## HOW TO COMPLETE THIS TASK
It is required that the lines from the top of the listing through the line with "新款多与玮言服饰的投入有关,2021年玮" be reproduced exactly, excluding pictures.

## GIVEN MATERIAL

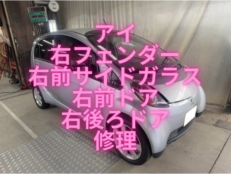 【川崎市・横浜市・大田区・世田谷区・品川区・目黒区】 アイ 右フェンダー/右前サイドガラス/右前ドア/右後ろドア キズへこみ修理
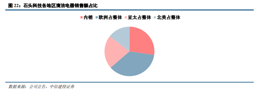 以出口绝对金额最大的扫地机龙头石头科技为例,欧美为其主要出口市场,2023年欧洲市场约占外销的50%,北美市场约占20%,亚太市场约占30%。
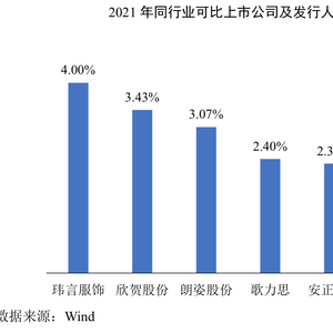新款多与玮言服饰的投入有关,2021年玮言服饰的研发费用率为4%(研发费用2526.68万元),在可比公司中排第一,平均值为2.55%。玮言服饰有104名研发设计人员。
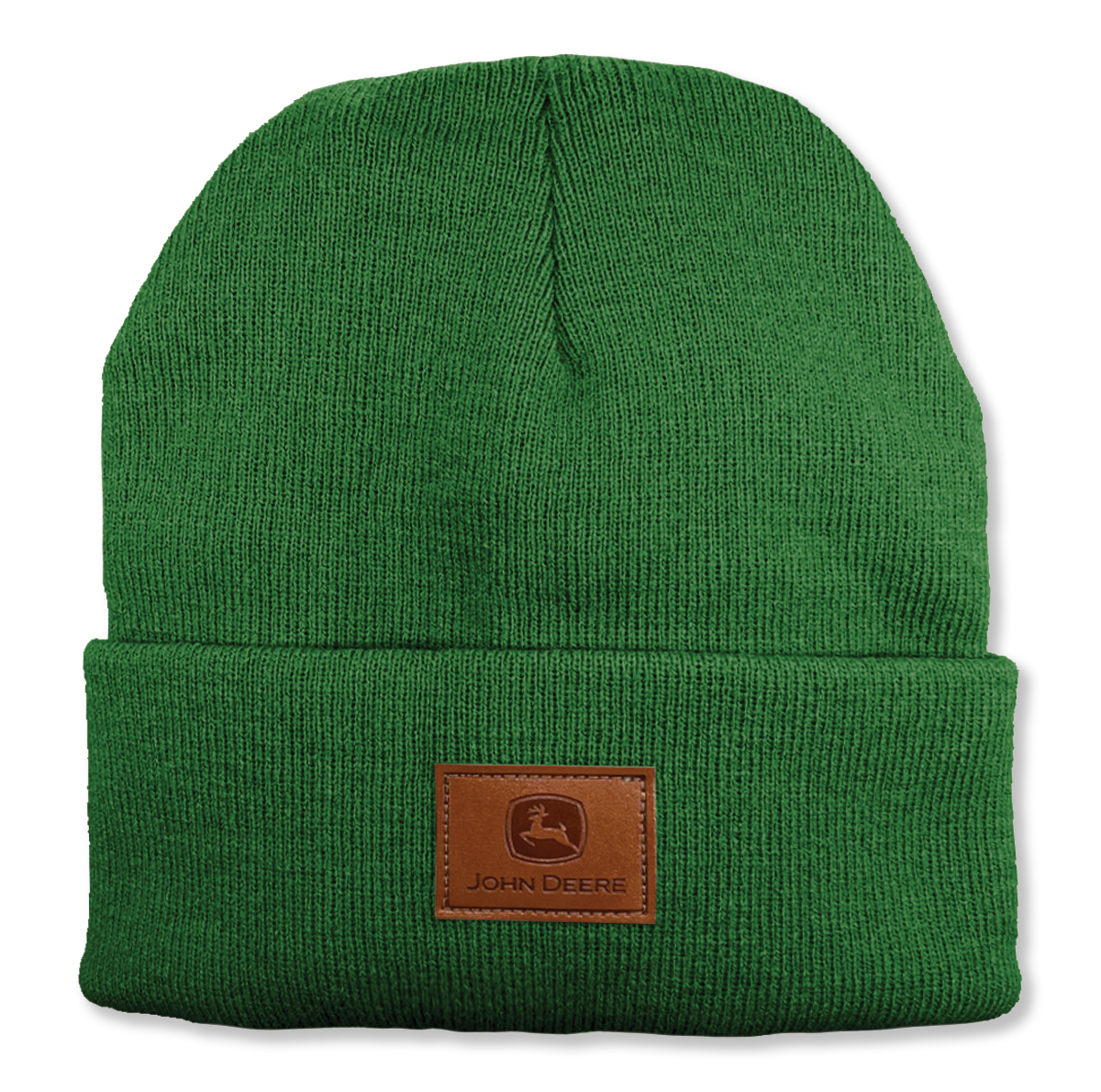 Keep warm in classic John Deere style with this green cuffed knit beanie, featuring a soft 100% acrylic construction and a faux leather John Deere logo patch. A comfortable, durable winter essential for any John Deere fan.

## PROBLEM SOLUTION
 【川崎市・横浜市・大田区・世田谷区・品川区・目黒区】 アイ 右フェンダー/右前サイドガラス/右前ドア/右後ろドア キズへこみ修理
 以出口绝对金额最大的扫地机龙头石头科技为例,欧美为其主要出口市场,2023年欧洲市场约占外销的50%,北美市场约占20%,亚太市场约占30%。
新款多与玮言服饰的投入有关,2021年玮言服饰的研发费用率为4%(研发费用2526.68万元),在可比公司中排第一,平均值为2.55%。玮言服饰有104名研发设计人员。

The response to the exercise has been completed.